Although the institutionalisation of local philanthropy in Kenya is limited, if well organised, it can create an environment that encourages formal giving. Apart from the Foundations and Trusts, the bulk of local philanthropy happens in an ad hoc manner with little to no documentation or tracking. This makes it difficult to ascertain the size and scope of local philanthropy in the country. It also undermines efforts at coordinating the sector. At the community level, so much is mobilised through local fundraising initiatives, but on an ad hoc and need basis.

There are opportunities to create an enabling environment within Kenya’s corporate philanthropic movement by directing charitable resources at the county level and from the diaspora towards shared development goals. This includes the design of strategies that nurture county-level philanthropy and improve Kenya’s giving through organised platforms (E.g., Kenya Diaspora Alliance).

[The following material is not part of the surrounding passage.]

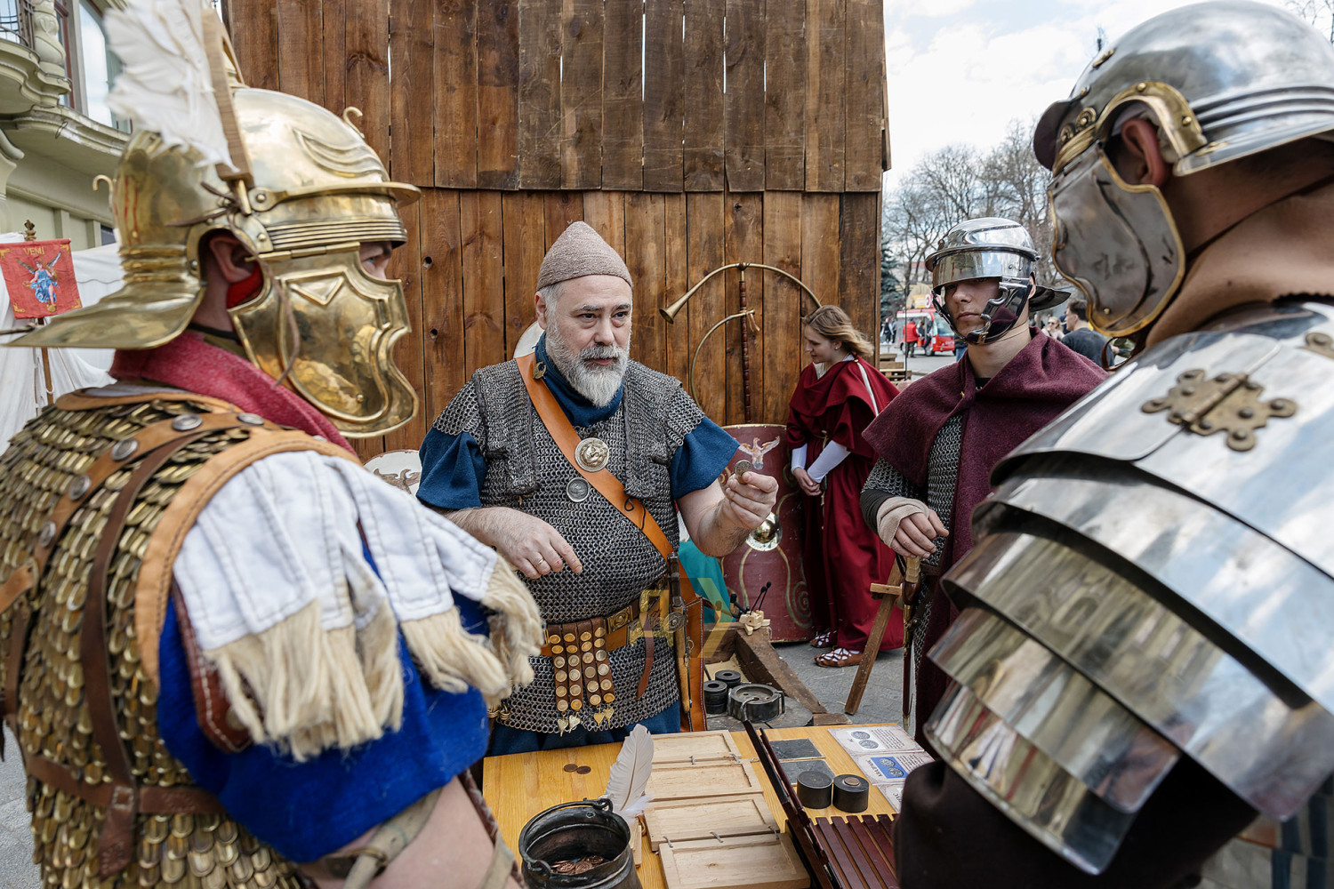 Римские легионеры разбили лагерь в самом центре Одессы, на Дерибасовской улице. Уже завтра здесь пройдет масштабная Пасхальная реконструкция, которая состоится в городе в 13-й раз. Палатки центурии развернулись напротив Горсада. Участники — реконструкторы из разных городов — воссоздают быт римских воинов: чинят снаряжение, готовят пищу, тренируются с гладиусами и отрабатывают построения. Здесь же работает импровизированный монетный двор, где чеканят античные монеты. Девушки в туниках, словно сошедшие со страниц «Метаморфоз» Овидия, играют на лирах. Рядом действует экспозиция с артефактами и их репликами «Музей античного человека», где демонстрируют косметику, сделанную по древним рецептам. Как рассказала участница реконструкции Юлия Аксенова, в лагере воссоздают повседневную жизнь римлян, в том числе уход за собой. «Мы показываем античную красоту — как римские женщины ухаживали за собой, какие кремы делали, — рассказала девушка. — Например, крем Клавдия Галена — один из первых: в его составе миндальное масло, пчелиный воск и розовая вода. До этого использовали в основном животные жиры». Еще одна участница, Алина, принимает участие в реконструкции уже не первый раз. В этом году она демонстрирует античную лиру — уникальный музыкальный инструмент, с корпусом из панциря черепахи. «Это инструмент, выполненный с учетом древних технологий. На нем могли играть практически все», — рассказала девушка. По нашей просьбе Алина, окончившая Одесскую музыкальную академию имени Неждановой, сыграла на девятиструнном инструменте гимн Украины. По словам одного из организаторов, военного капеллана Романа Медяника, лагерь — это лишь пролог к главному событию. «Мы показываем быт римских легионеров — как они жили, как проходил их день, — рассказал Роман. — Завтра будет оркестр, античный показ одежды, рынок, шествие актеров и сама Пасхальная реконструкция». Он отметил, что подготовка в этом году была непростой, в том числе из-за организационных вопросов, однако главная цель остается неизменной. «Мы живем во время войны, когда людям нужна надежда, — уверен реконструктор. — Пасха — это про надежду, про то, что свет побеждает тьму». В свою очередь военный капеллан и волонтер Марина Чередниченко добавила, что в этом году зрителям покажут обновленный сценарий. «Это будет история матери, которая пережила потерю сына, но понимает, что это не про смерть, а про жизнь, жертву и любовь, — поделилась девушка, которой предстоит играть Марию. — И, к сожалению, сейчас, работая с семьями погибших и пропавших без вести, понимаешь, через что проходят матери. Поэтому такие роли проживаются особенно остро». Завтра Дерибасовская превратится в Виа Долороза — путь, по которому, согласно Евангелию, Иисус Христос шел на Голгофу. В 14:30 здесь начнется концертная программа с участием военного оркестра, показательными боями легионеров и античным показом мод. В 16:00 стартует главная часть — масштабная театрализованная «Пасхальная реконструкция», в которой задействуют более 400 участников. Перед началом действа также запланирована межконфессиональная молитва за мир в Украине. СМЕРТЬ РОССИЙСКИМ ОККУПАНТАМ! Заметили ошибку? Выделяйте слова с ошибкой и нажимайте control-enter |

To create policy and advocacy opportunities to nurture an enabling policy environment for Kenyan philanthropy, the Children’s Investment Fund Foundation (CIFF) and the Mpesa Foundation have co-convened Impact Philanthropy Africa. The entity is working towards bringing together actors in Kenya’s philanthropic space to build a culture of corporate social investment (CSI) and influence policy through advocacy and thought leadership to transform Kenyan and African lives at scale.

CIFF Africa’s strategic intention seeks to harness African giving and African-led institutions’ power in championing the continent’s investment agenda. In the long-term, these efforts will support and leverage African philanthropy and government funding, to co-design solutions with local communities, governments, and institutions to ensure accurate problem diagnosis as a critical ingredient for effective and self-sustaining impact in true Harambee spirit.